Just a warning though, once you buy a c-dale---it's all you will ever own. Good Luck


----------



## Bocephus Jones (Feb 3, 2004)

revdaddy said:


> Okay let me say first I am a newbie. I am in the process of buying my first ride. For some reason I am wanting a C'Dale. However my shop is pushing Raleigh and Trek saying they are better bikes all around for the money.
> 
> I live north of Atlanta so it is a little hilly and I want to start riding about 3-4 times a week and I want to stay around $1200. Is a C'Dale my best option.
> 
> Please say yes.


Dales are nice all-around bikes. Do they still spec all that Coda crap though?


----------



## divve (May 3, 2002)

I think these days they reserve the Coda crap only as an exclusive for Colnago.


----------



## 97 Teran (Feb 17, 2004)

Bocephus Jones said:


> Dales are nice all-around bikes. Do they still spec all that Coda crap though?


Nope, Coda has either gone out of business or cut down to producing just a couple product lines, I forget which. 'Dale now places mostly other people's crap on their bikes, except for some stuff under the 'dale moniker (mostly low end bars, brakes, headsets, hubs, etc.)

Re: the original question, IMHO the only reason NOT to go with Cannondale is if you prefer something besides Aluminum, but if you're ok with those ride qualities I don't believe there's a manuf. out there that does better with that material. As good maybe, but not better. And although they're a teensy bit pricier than a similarly spec'd Trek, Specialized, whatever... they're made in the US (although you may not be an American and therefore not care about the economic implications... me, I'd never consider buying a Giant, for example) and the lifetime frame guarantee is nothing to sneeze at.

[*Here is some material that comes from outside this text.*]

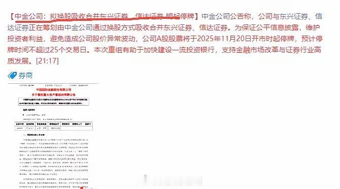 突发券商重磅利好来了,明天指数能否大阳线修复?还不知道什么的快来看看吧中金公司公告称,公司与东兴证券、信达证券正在筹划由中金公司通过换股方式吸收合并东兴证券、信达证券。为保证公平信息披露,维护投资者利益,避免造成公司股价异常波动,公司A股股票将于2025年11月20日开市时起停牌,预计停牌时间不超过25个交易日。本次重组有助于加快建设一流投资银行,支持金融市场改革与证券行业高质发展。券商合并加速 这一消息大家不陌生,晚间这一则消息 再次让券商进入到加速段,在之前已经有多家头部券商吸收合并,今日指数连续调整,券商的利好消息无疑就是给市场一剂强心针为什么这么说? 因为 今天 保险 银行都已经异动护盘拉升,今天券商纹丝不动,晚间来这个重大利好,意味着资金没有抢跑 那么明天我们重点去盯着券商走势即可牛市旗手出利好 市场短期见底信号就来了 明天关注券商高开之后 是继续高打还是回落,如果回落那么就是讨人,如果高开上板之类 那么明天就是收获了总之 指数在3922附近止跌,短线往下空间不大,利好来袭 明天是红周四吗?评论区聊聊?
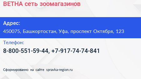 ВЕТНА, сеть зоомагазинов по адресу 450075, Башкортостан, Уфа, проспект Октября, 123 в дальнейшем Организация, размещена в следующих категориях:

I respect Cannondale because they're one of the few sizeable companies that are truly innovative- you may not like the Lefty, the Headshok, the Scalpel, etc. but you've got to admit that they had balls to develop the things they did, some of which were later copied and occasionally improved on... Some companies exhibit innovation in their initial business stage, and then are relatively static from then on, their ideas spent. Not Cannondale.


----------